To address this unmet need, we developed a multimodal approach based on MUSK to predict the risk of relapse in melanoma. We used the VisioMel dataset45, which includes clinical reports and whole-slide images (WSIs) of diagnostic H&E slides as well as 5-year follow-up data for 1,342 patients with melanoma. Compared with existing vision-language foundation models, MUSK achieved the highest AUC of 0.833 (95% CI: 0.8180.847) for predicting 5-year relapse, significantly outperforming PLIP, Quilt1M, BiomedCLIP, and CONCH (Extended Data Fig. 4a, b). We then conducted ablation experiments using single-modal inputs on the MUSK model (Extended Data Fig. 4d). The results show that a model based on clinical reports or images alone has a lower accuracy for predicting relapse. By combining complementary information obtained from two different data modalities, MUSK further improved the accuracy of relapse prediction, highlighting the power of our multimodal approach.
To be clinically useful, a prognostic model should be highly sensitive for predicting relapse in order to minimize the risk of under-treatment. We thus evaluated the model’s performance at a predetermined sensitivity threshold of 90% (Extended Data Fig. 4c). The MUSK model achieved a substantially higher specificity than other foundation models, with an improvement of about 12% (P=0.0079). The clinical implication is that our model may spare more patients from toxic but unnecessary adjuvant therapy. Finally, visualization of the model’s prediction reveals that MUSK could automatically uncover relevant pathological features for predicting relapse (Extended Data Fig. 4e and Supplementary Fig. 6).
Pan-cancer Prognosis Prediction
Having demonstrated the effectiveness of our approach for predicting relapse, specifically in melanoma, we next evaluated the model for its ability to predict prognosis broadly in a pan-cancer setting. To do this, we collected diagnostic H&E WSIs, associated pathology reports, and follow-up data from The Cancer Genome Atlas (TCGA), encompassing a total of 7,927 WSIs from 6,602 patients across 16 major cancer types. We trained a multimodal prognostic model in each cancer type and then evaluated the performance for predicting disease-specific survival.
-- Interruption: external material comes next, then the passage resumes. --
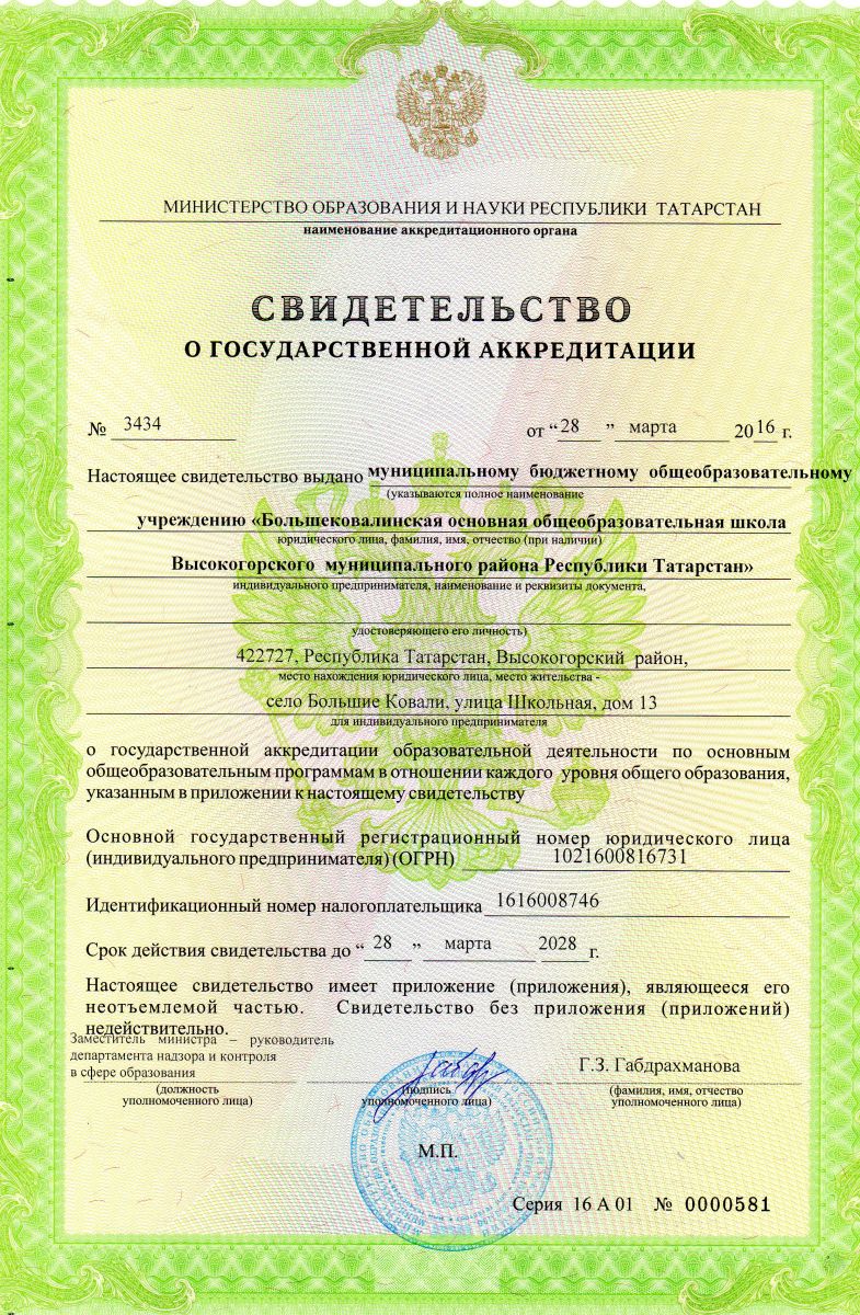 муниципальное бюджетное общеобразовательное учреждение «Большековалинская основная общеобразовательная школа Высокогорского муниципального района Республики Татарстан"/ "Татарстан Республикасы Биектау муниципаль районының Олы Кавал төп гомуми белем мәктәбе" муниципаль бюджет гомуми белем учреждениесе

Across all 16 cancer types, MUSK consistently outperformed clinical risk factors and state-of-the-art foundation models for prognosis prediction. On average, MUSK achieved a c-index of 0.746, significantly above the c-index of 0.645 (P<0.0001) for overall stage, and 0.667 (P<0.0001), 0.672 (P<0.0001), 0.668 (P<0.0001), and 0.684 (P<0.0001) for multimodal foundation models PLIP15, Quilt1M46, BiomedCLIP47, and CONCH16, and 0.649 (P<0.0001), 0.684 (P<0.0001), and 0.672 (P<0.0001) for pathology foundation models UNI11, GigaPath10, and Virchow12, respectively (two-sided Mann-Whitney U test, Figure 4a, Extended Data Fig. 3, Supplementary Fig. 7, and Supplementary Table 7). The best prediction was achieved for renal cell carcinoma, with a c-index of 0.887 (95% CI: 0.854–0.920). In addition, MUSK achieved high performance for prognosis prediction in breast invasive carcinoma, colorectal adenocarcinoma, low-grade glioma, and endometrial carcinoma with a c-index above 0.8.
Fig. 4. Prognosis prediction across 16 cancer types.
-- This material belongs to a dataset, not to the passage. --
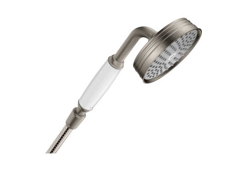 Ручной душ, Hansgrohe, Axor Montreux, размер душевого диска, мм-100, форма-круглая, количество режимов-1, тип струи-RainAir, цвет-сталь, с белой рукояткой, промывающийся грязеулавливающий фильтр, соединительная резьба G ½ Ручной душ, Hansgrohe, Axor Montreux, 100, цвет-сталь

a. Kaplan-Meier analyses show that MUSK can significantly stratify patients for disease-specific survival across 16 cancer types, with hazard ratios ranging from 1.59 for glioblastoma multiforme to 36.83 for renal cell carcinoma. The two-sided log-rank test is used to compare the survival differences between the high-risk and low-risk groups (cutoff: median). HR: hazard ratio. b. The multimodal MUSK model significantly improves prognosis prediction over models based on clinical reports or whole-slide images alone as shown in the overall bars (p-value < 0.0001). The overall bars represent the average performance across 16 projects. Bladder Urothelial Carcinoma (BLCA), Breast Invasive Carcinoma (BRCA), Cervical Squamous Cell Carcinoma and Endocervical Adenocarcinoma (CESC), Colorectal Adenocarcinoma Rectal Adenocarcinoma (COADREAD), Esophageal Carcinoma (ESCA), Glioblastoma Multiforme (GBM), Head and Neck Squamous Cell Carcinoma (HNSC), Low-Grade Glioma (LGG), Liver Hepatocellular Carcinoma (LIHC), Lung Adenocarcinoma (LUAD), Lung Squamous Cell Carcinoma (LUSC), Pancreatic Adenocarcinoma (PAAD), Renal Cell Carcinoma (RCC), Skin Cutaneous Melanoma (SKCM), Stomach Adenocarcinoma (STAD) and Uterine Corpus Endometrial Carcinoma (UCEC). In b, data is represented as mean with standard deviation calculated using 5-fold cross-validation experiments. The two-sided Mann-Whitney U test is used to assess the statistical significance between MUSK and the comparison methods.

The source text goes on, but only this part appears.